Beginning at the line that contains "本届音乐剧节由上海市教育委员" and finishing at the line that contains "4月26日上午,青岛市外办翻", output the data below exactly. Include both end lines and no pictures.

-- SUPPLIED RECORDS follows --

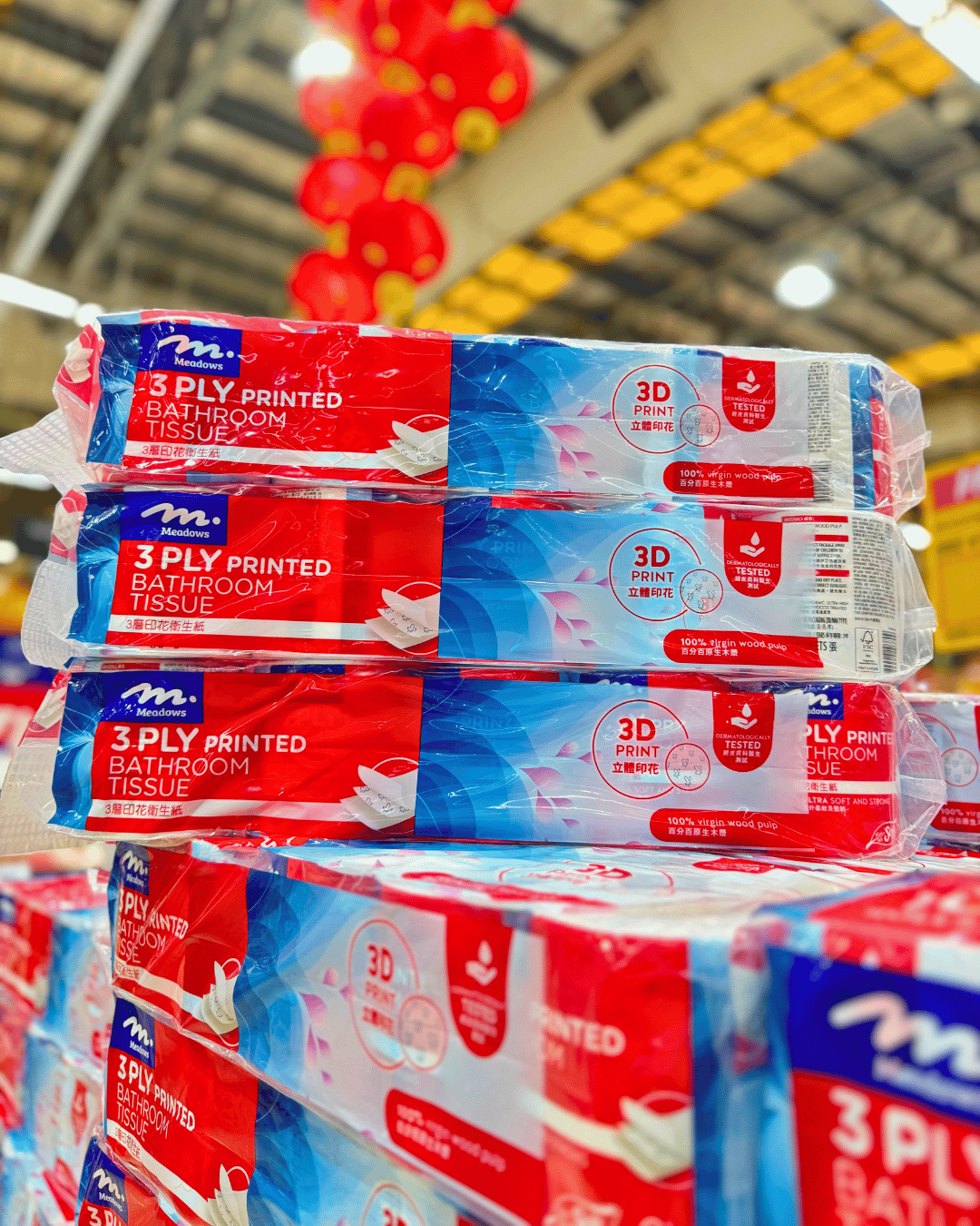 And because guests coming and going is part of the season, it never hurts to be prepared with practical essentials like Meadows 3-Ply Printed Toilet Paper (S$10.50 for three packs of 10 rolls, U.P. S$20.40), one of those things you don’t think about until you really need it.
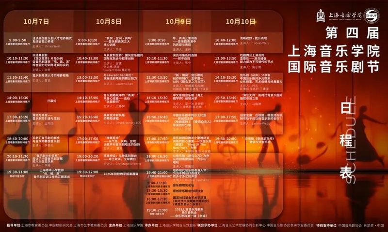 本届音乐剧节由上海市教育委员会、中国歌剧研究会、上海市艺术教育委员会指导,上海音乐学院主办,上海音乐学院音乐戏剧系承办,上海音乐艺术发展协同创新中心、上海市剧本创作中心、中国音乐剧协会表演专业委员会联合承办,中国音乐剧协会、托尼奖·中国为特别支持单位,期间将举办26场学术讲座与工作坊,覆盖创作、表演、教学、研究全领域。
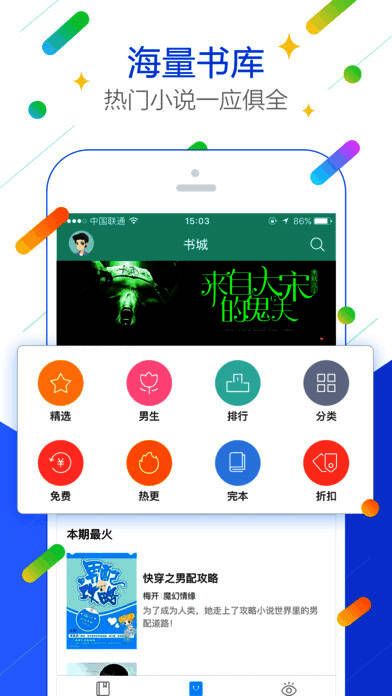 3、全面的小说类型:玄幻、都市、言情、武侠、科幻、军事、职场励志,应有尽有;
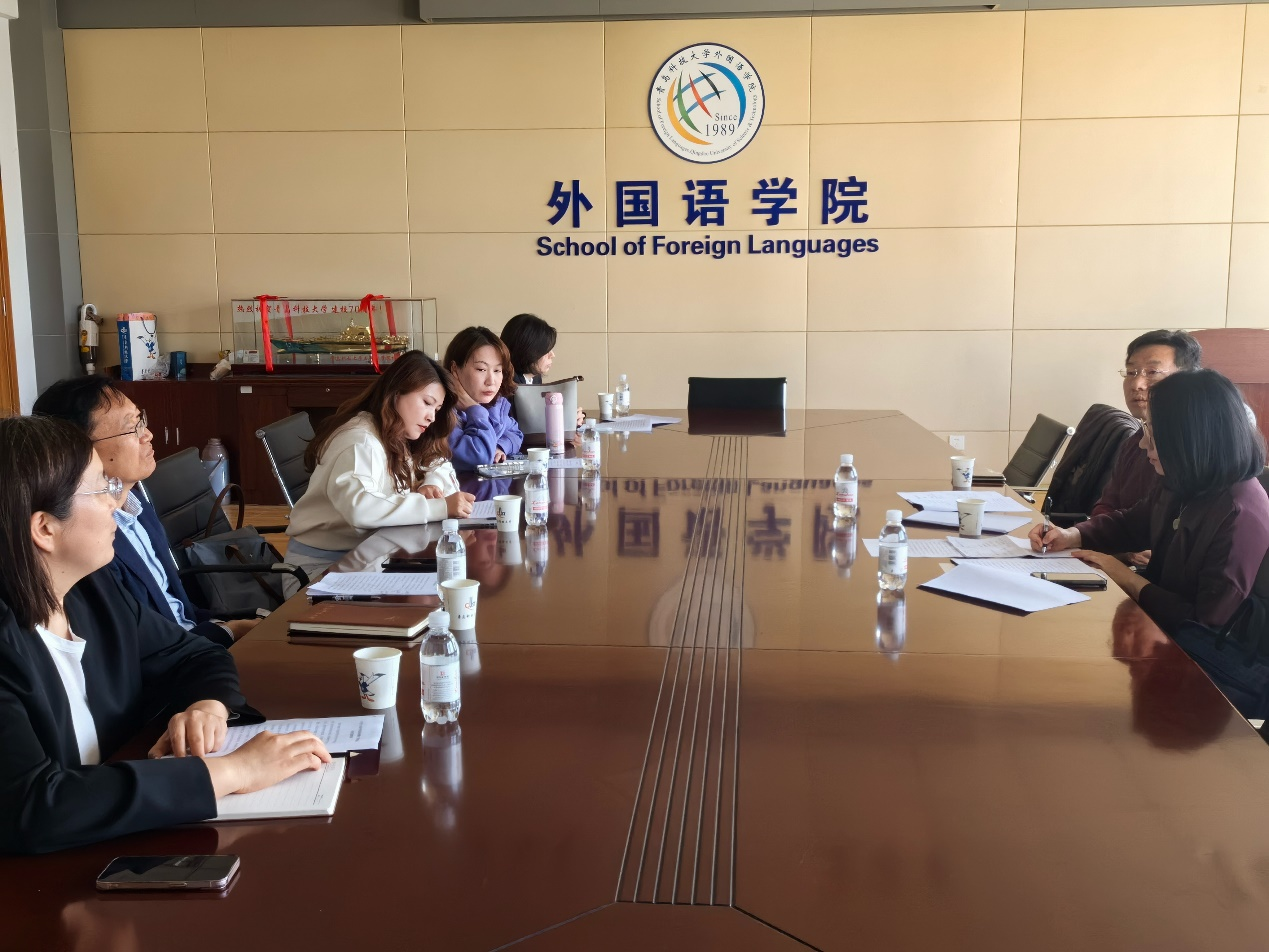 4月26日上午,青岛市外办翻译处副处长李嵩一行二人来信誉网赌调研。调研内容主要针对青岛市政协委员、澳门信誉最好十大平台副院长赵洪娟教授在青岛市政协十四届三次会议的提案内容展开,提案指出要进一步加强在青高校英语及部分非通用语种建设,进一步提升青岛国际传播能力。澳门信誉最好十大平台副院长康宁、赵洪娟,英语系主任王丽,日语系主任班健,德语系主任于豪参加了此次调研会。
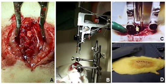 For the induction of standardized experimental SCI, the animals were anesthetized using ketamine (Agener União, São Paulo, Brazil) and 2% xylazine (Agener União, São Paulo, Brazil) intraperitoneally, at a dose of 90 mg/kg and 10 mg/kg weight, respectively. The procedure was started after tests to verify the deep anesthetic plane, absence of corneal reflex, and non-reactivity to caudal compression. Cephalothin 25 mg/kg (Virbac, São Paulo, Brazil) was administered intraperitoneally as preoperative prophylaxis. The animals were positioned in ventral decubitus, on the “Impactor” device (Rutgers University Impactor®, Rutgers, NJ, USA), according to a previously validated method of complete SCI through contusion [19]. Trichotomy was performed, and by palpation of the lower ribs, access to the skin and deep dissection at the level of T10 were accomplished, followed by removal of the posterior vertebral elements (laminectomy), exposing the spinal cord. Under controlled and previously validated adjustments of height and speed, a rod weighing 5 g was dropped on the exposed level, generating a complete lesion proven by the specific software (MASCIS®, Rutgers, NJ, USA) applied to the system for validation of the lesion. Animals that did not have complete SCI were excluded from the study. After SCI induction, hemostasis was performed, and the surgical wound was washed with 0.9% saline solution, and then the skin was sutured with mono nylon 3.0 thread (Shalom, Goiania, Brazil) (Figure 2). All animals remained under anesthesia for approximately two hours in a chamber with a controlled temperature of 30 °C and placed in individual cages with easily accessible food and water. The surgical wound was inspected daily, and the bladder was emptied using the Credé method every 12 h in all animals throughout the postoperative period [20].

-- SUPPLIED RECORDS concluded --

- **WRITTEN RESPONSE**
 本届音乐剧节由上海市教育委员会、中国歌剧研究会、上海市艺术教育委员会指导,上海音乐学院主办,上海音乐学院音乐戏剧系承办,上海音乐艺术发展协同创新中心、上海市剧本创作中心、中国音乐剧协会表演专业委员会联合承办,中国音乐剧协会、托尼奖·中国为特别支持单位,期间将举办26场学术讲座与工作坊,覆盖创作、表演、教学、研究全领域。
 3、全面的小说类型:玄幻、都市、言情、武侠、科幻、军事、职场励志,应有尽有;
 4月26日上午,青岛市外办翻译处副处长李嵩一行二人来信誉网赌调研。调研内容主要针对青岛市政协委员、澳门信誉最好十大平台副院长赵洪娟教授在青岛市政协十四届三次会议的提案内容展开,提案指出要进一步加强在青高校英语及部分非通用语种建设,进一步提升青岛国际传播能力。澳门信誉最好十大平台副院长康宁、赵洪娟,英语系主任王丽,日语系主任班健,德语系主任于豪参加了此次调研会。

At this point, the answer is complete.